1. In the velocity diagrams for Francis turbine, which of the following velocity directions is along the blade curvature?
a) Vr1
b) Vw1
c) V1
d) u1
Explanation: Vr1 is the relative velocity of the water flow as seen from the blade. Thus, relative velocity is along the direction of the curvature of the blade.
2. Francis turbine is typically used for which of the following values of available heads?
a) 300 m
b) 100 m
c) 30 m
d) 5 m
Explanation: Francis Turbine is a medium head turbine, typically used for heads in the range 60 m to 240 m. Hence, only 100 m from the above options fit in that range.
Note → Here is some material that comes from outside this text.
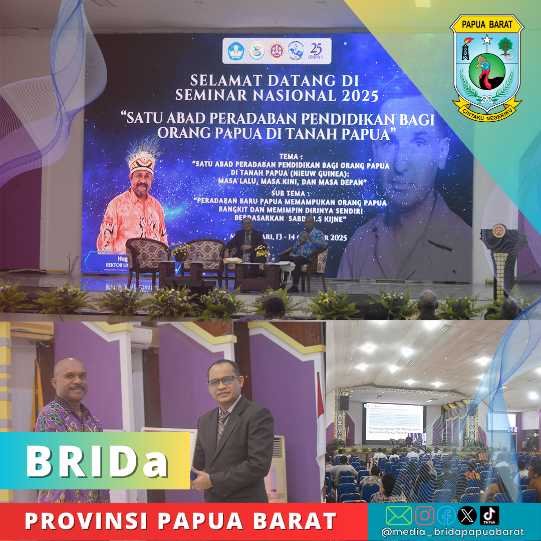 BridaNews_Manokwari – Gubernur Papua Barat Drs. Dominggus Mandacan, M.Si yang diwakili Kepala Badan Riset dan Inovasi Daerah (BRIDA) Provinsi Papua Barat Prof. Dr. Charlie D. Heatubun, S.Hut, M.Si hadir sebagai narasumber dalam acara Seminar Nasional “Satu Abad Peradaban Pendidikan Bagi Orang Papua di Tanah Papua” yang diselenggarakan oleh Universitas Papua yang bertempat di Aula Utama Unipa, Senin 13/10/2025.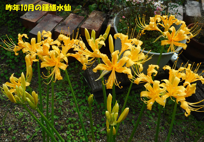秋に、この黄色の鍾馗水仙が咲くのが楽しみです。

3. Water flow velocity is given 10 m/s. The runner diameter is 3 m and the width of the wheel is 25 cm. Find the mass of water (kg) flowing across the runner per second.
a) 7500π
b) 50π
c) 300π
d) RPM of the turbine needs to be given
Explanation: Area of the flow (A) = πDB = 0.75π m2. Mass flow rate = ρ.A.Vf = 1000*0.75π*10 = 7500π kg/s.
4. Work done per second by a Francis turbine can be given by ρAVf (Vw1u1 + Vw2u2).
a) True
b) False
Explanation: The work done per second is given by ρAVf (Vw1u1 – Vw2u2). Hence, the outlet term is subtracted from the inlet term and not added to it.
5. Which of the following terms is considered to be zero while deriving the equation for work done per second for Francis Turbine?
a) Vr1
b) Vw2
c) Vf2
d) Vr2
Explanation: Since the flow out of the runner of the Francis turbine is axial in nature, the whirl velocity at outlet is zero. Hence, Vw2 is ignored in the derivation of work done for Francis Turbine.
6. Power developed by Francis turbine are calculated for a certain set of conditions. Now, the inlet whirl velocity is doubled, the blade velocity at inlet is doubled and the flow velocity is quartered. The power developed:
a) Is 4 times the original value
b) Is 2 times the original value
c) Is ½ times the original value
d) Is same as the original value
Explanation: The power developed by a Francis Turbine is given by P = ρAV (Vw1.u1). Hence, if inlet whirl velocity is doubled, the blade velocity at inlet is doubled and the flow velocity is quartered, then the power developed will remain the same as its original value.
7. Volume flow rate of water in a Francis turbine runner is 25 m3/s. The flow velocity, whirl velocity and blade velocity are 11 m/s, 10 m/s and 5 m/s respectively, all values given at runner inlet. Find the power developed by the turbine.
a) 25 kW
b) 1.25 MW
c) 1.25 kW
d) 25 MW
Explanation: P = ρQ (Vw1.u1) = 1000*25*10*5 = 1.25 MW.
8. The flow rate of the water flow in a Francis turbine is increased by 50% keeping all the other parameters same. The work done by the turbine changes by?
a) 50% increase
b) 25% increase
c) 100% increase
d) 150% increase
Explanation: The Power developed in a Francis turbine directly depends on the flow rate of water. If flow rate is increased by 50%, i.e. made 1.5 times the original value, then the power developed becomes 1.5 times its original value too. Hence, a 50% increase.
9. A student performs an experiment with a Francis turbine. He accidently set the RPM of Francis turbine to 1400 rpm instead of 700 rpm. He reported the power to be 1 MW. His teacher asks him to perform the same experiment using the correct RPM. The student performs the same experiment again, but this time the erroneously doubled the flow velocity. What does the student report the power to be?
a) 0.5 MW
b) 0.25 MW
c) 2 MW
d) 1 MW
Explanation: The Power developed by the turbine varies directly with both flow velocity as well as the blade velocity (which in turn varies directly with RPM). So, if all parameters were correct, the reported value should be 0.5 MW. But, flow velocity is again doubled, so the student again reports 1 MW
10. Velocity of whirl at the runner inlet is given to be 10 m/s and blade velocity to be 5 m/s. The volume flow rate of water in Francis turbine is given to be 25 m3/s. Find the power generated by the turbine?
a) 1700 HP
b) 800 HP
c) 3400 HP
d) 1000 HP
Explanation: P = ρQ (Vw1.u1) = 1.25 MW. It is important to know the 1 HP = 736 W. Hence, the answer is 1.25 MW/ 736 = 1700 HP.